## Line Chart: RewardBench Performance vs. Thinking Budget
### Overview
The chart illustrates the relationship between "Thinking budget (tokens)" and "RewardBench (%)" for three model sizes (32B, 14B, 7B). It shows how performance improves as the thinking budget increases, with distinct trends for each model size.
### Components/Axes
- **X-axis**: Thinking budget (tokens) in scientific notation (1e3, 2e3, 4e3, 8e3).
- **Y-axis**: RewardBench (%) ranging from 75% to 90%.
- **Legend**: Located in the bottom-right corner, mapping colors to model sizes:
- Blue (circle markers): 32B
- Orange (triangle markers): 14B
- Green (square markers): 7B
### Detailed Analysis
1. **32B Model (Blue Line)**:
- Data points: 85% (1e3), 89% (2e3), 90% (4e3), 90% (8e3).
- Trend: Steady upward slope, plateauing near 90% after 4e3 tokens.
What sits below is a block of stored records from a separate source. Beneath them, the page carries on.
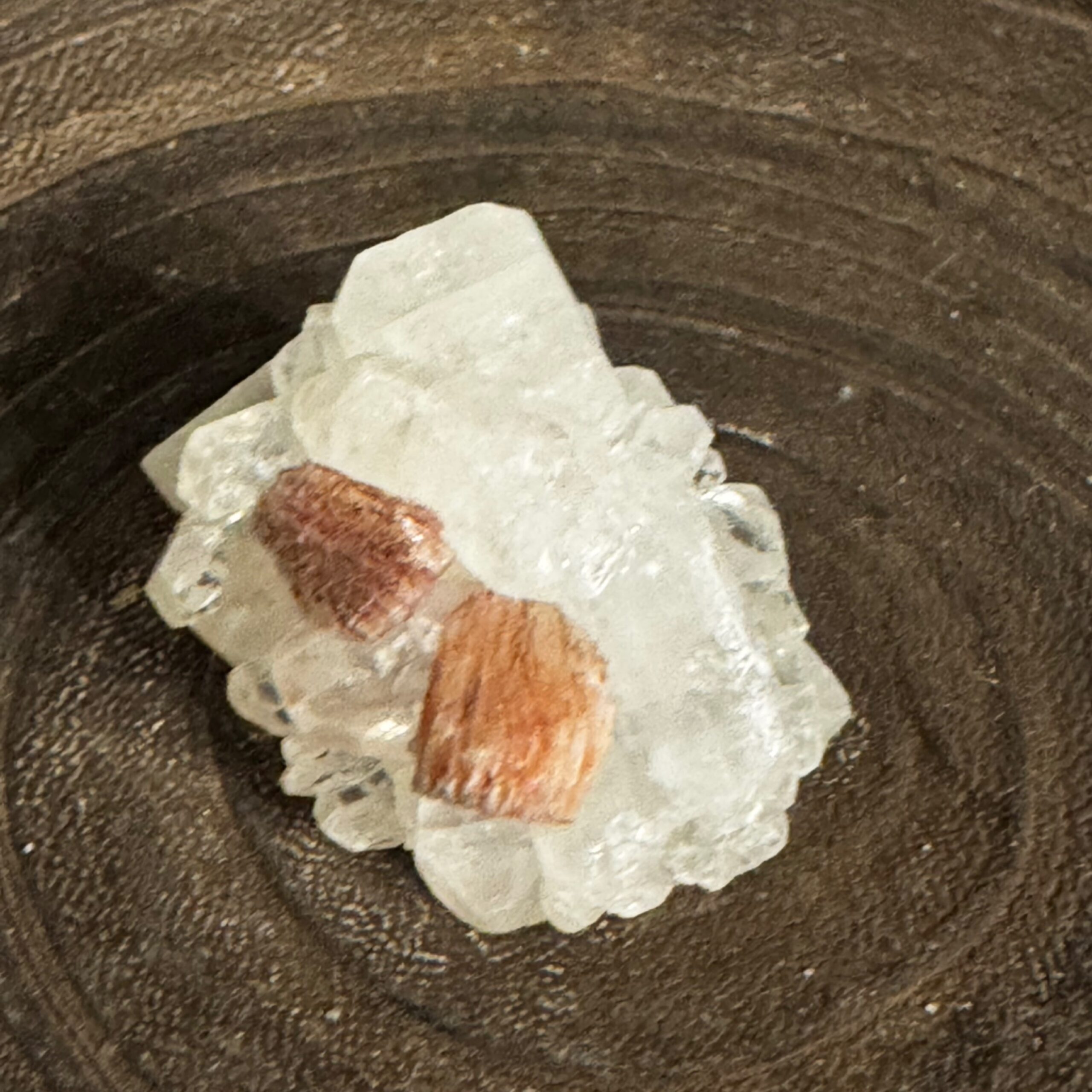 Stilbite and peach calcite specimen
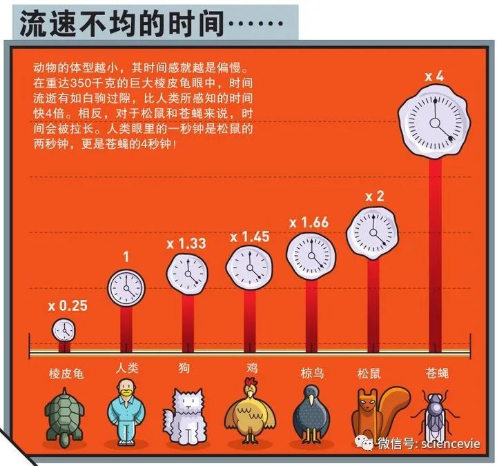 動物的體(ti) 型越小,其時間感就越是偏慢。在重達350千克的巨大棱皮龜眼中,時間流逝有如白駒過隙,比人類所感知的時間快4倍。相反,對於(yu) 鬆鼠和蒼蠅來說,時間會(hui) 被拉長。人類眼裏的一秒鍾是鬆鼠的兩(liang) 秒鍾,更是蒼蠅的4秒鍾!
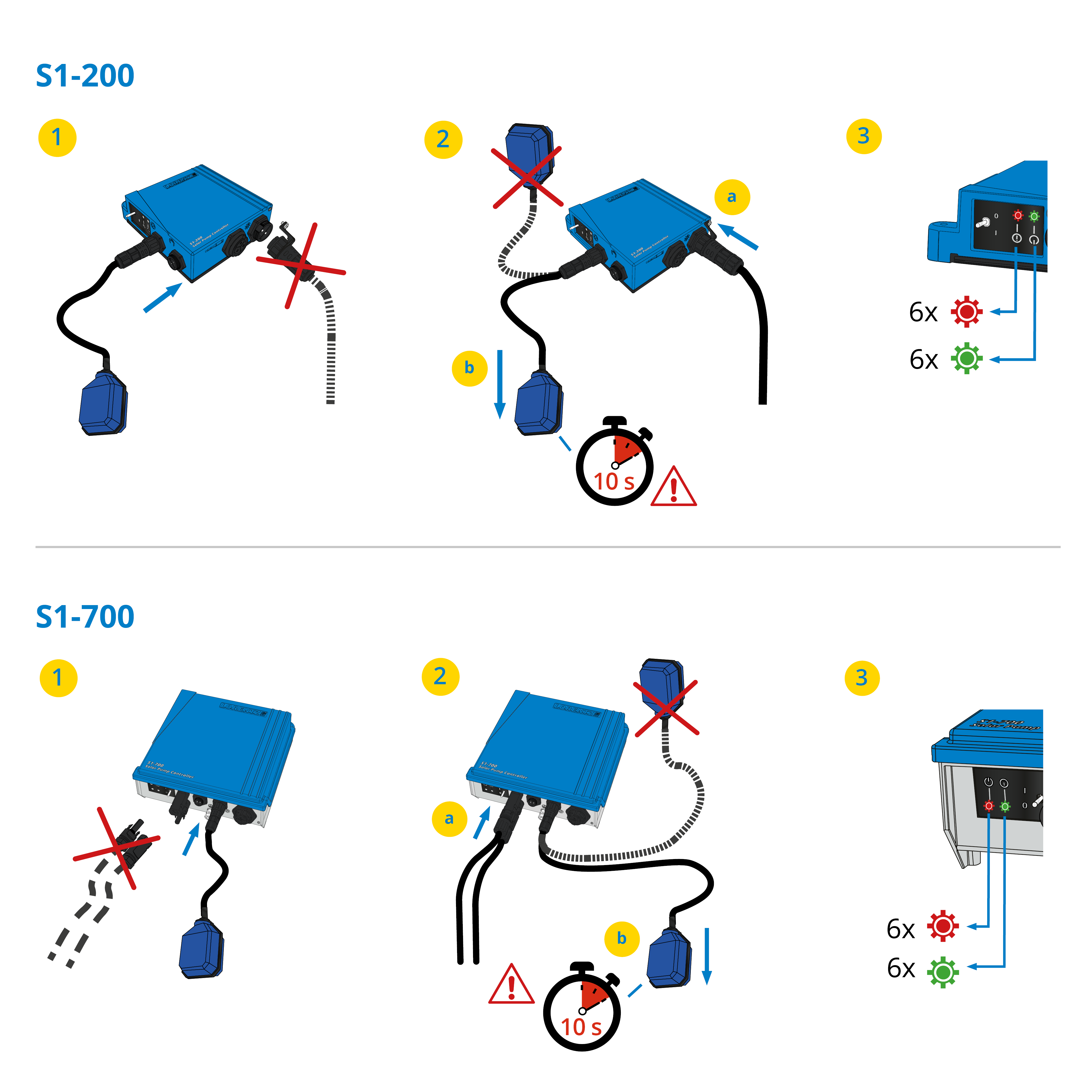 Falls Sie kein Smartphone zur Hand haben und den Schwimmerschalter ohne die S-Connect App aktivieren möchten, folgen Sie diesen Schritten:

2. **14B Model (Orange Line)**:
- Data points: 83% (1e3), 89% (2e3), 89.5% (4e3), 89.8% (8e3).
- Trend: Sharp initial increase, then gradual flattening.
3. **7B Model (Green Line)**:
- Data points: 75% (1e3), 81% (2e3), 82% (4e3), 82.5% (8e3).
- Trend: Steep early growth, followed by minimal improvement.
### Key Observations
- The 32B model consistently outperforms others across all token budgets.
- The 7B model shows the largest relative improvement (from 75% to 82.5%) but remains below the 14B and 32B models.
- All models exhibit diminishing returns as the token budget increases beyond 4e3.
### Interpretation
The data suggests that larger models (e.g., 32B) achieve higher RewardBench scores with greater computational resources (tokens). The 7B model demonstrates significant efficiency gains at lower budgets but cannot match the performance of larger models even with increased resources. This highlights a trade-off between model size and scalability, where bigger models leverage additional tokens more effectively. The plateauing trends at higher token budgets imply diminishing marginal returns for all models beyond a certain point.